「勝てるかといわれたら分からないですけど、チームとして良いゲームができていたので、何とか勝ちたかったですけどね」
 
 残り10分で同点ゴールを許し、ドルトムントとの上位対決を1-1で終えた原口は、この試合をそう振り返った。
 
 日本代表として2試合ともにフル出場し、33000キロという長距離移動を経てドイツに帰ってきた原口だが、この試合でもフル出場を果たした。
 
 過密日程でコンディションも心配された原口だが、ダルダイ監督からの厚い信頼が示されたかたちだ。原口もその期待に最低限、応えたと言えるだろう。
 
 この試合で記録した走行距離は、チーム3位の11.15キロ、スプリント数は両チーム通じて最高の35本と、運動量では疲れを感じさせないどころか、両チーム最高レベルの動きを見せた。
 
「キツかったのはキツかったですけど、いつもキツいので、特別今日がめちゃくちゃキツいとかはなかったです。良いリカバリーもできていたので。まぁ、よく90分動けたなとは思いますけど」というのは、過酷な日程での戦いを強いられた原口の率直な本音だろう。
 
 ヘルタはいつも通り、守備から試合に入った。ドルトムントにボールを持たせながらもチャンスはほとんど作らせず、前半はドルトムントに2本のシュートしか許さなかった。
 
 一方、攻撃では原口のプレーからチャンスを作った。17分には原口のグラウンダーのクロスからエスバインがシュートを放ち、29分には原口の浮き球スルーパスに抜け出したシュトッカーがシュート。
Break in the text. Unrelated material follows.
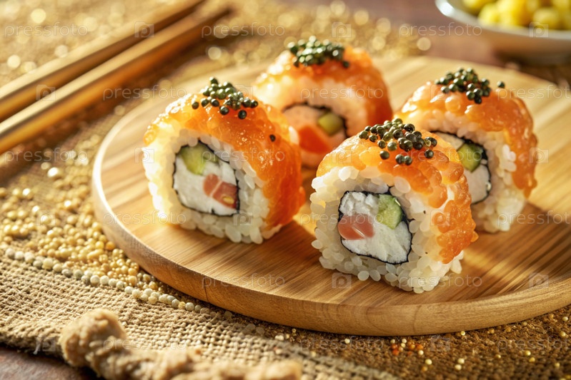 Японская еда. Суши-роллы Калифорния, Филадельфия с угорьем, красной икры и лососем. Концепция меню суши-бара
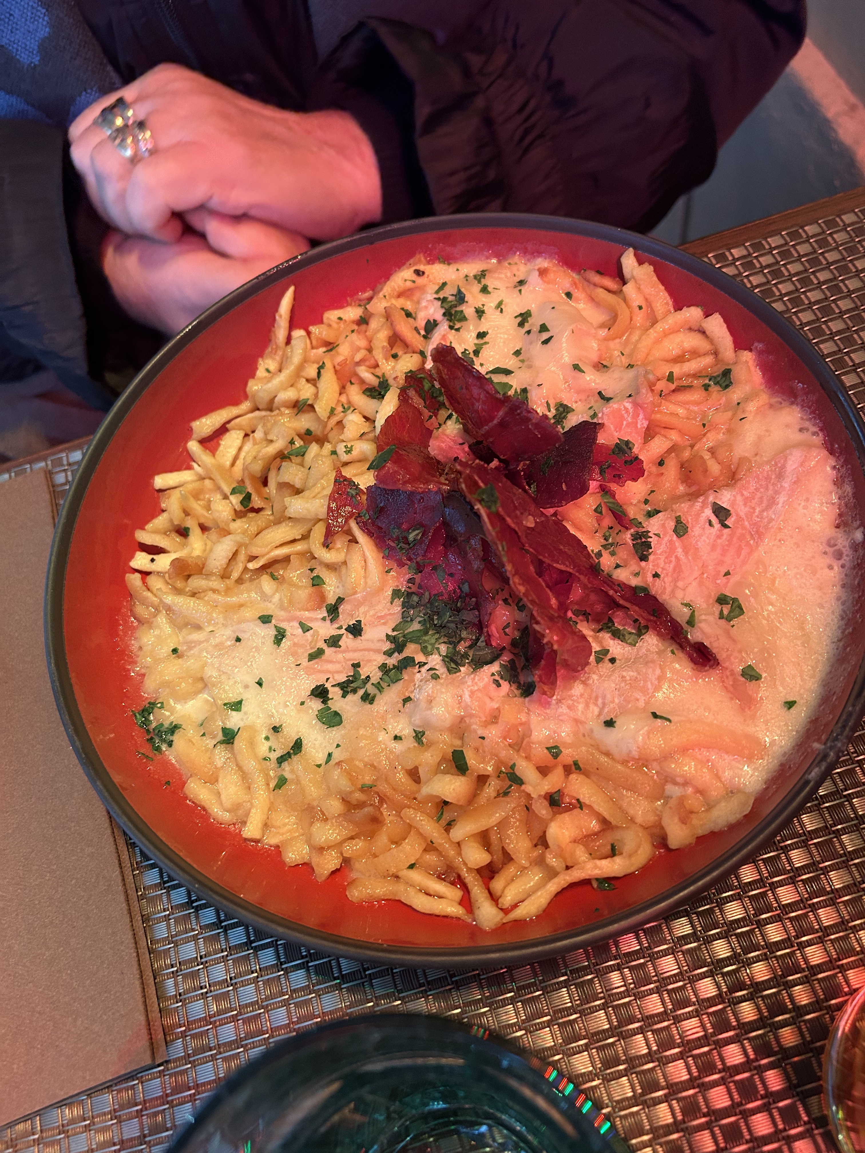 Nous y avons déjeuner la semaine dernière lors d'un passage au marché de Noël .. Pour moi... jarret avec choucroute et pour mon épouse späetzel gratiné au munster... c'était parfait Service rapide et personnel agréable

32分にも原口のパスからエスバインがシュートを放った。
 
 パスの出し手として攻撃を活性化させた原口だが、本来は自らが裏に抜け出す役割に回りたかったところ。しかし、動き出しに対してチームメイトからボールが出てくるシーンはほとんどなく、まともなシュートも後半にカットインから放った1本に止まった。
 
 51分にはシュトッカーのゴールで先制したヘルタだが、ドルトムントが圧力を強め、ピンチを迎える。75分にはクロスボールのこぼれ球から香川がシュートを放つと、これが原口の左手に当たりドルトムントにPK。故意ではないが、身体から離れた左手がシュートを阻んでしまったため、仕方のない判定だった。
 
「PKを取られてしまい、またかよ、と思いましたけど。でも、どうしようもないんでね。代表戦(オーストラリア戦)は僕のミスだったけど、今回のは当たってしまったという感じなので」
 
 しかし、このPKをGKヤルステインがセーブ。「2試合連続なので、あれを決められたら結構キツかったですけどね。なので、助かったというか……」と、ほっと胸を撫で下ろした。
 
 GKの好セーブでなんとかドルトムントの攻撃を凌いだヘルタだが、80分にデンベレのクロスからオバメヤンが同点ゴール。原口もこの2人のクオリティーには「なかなか防ぎきれるものではない」と言うしかなかった。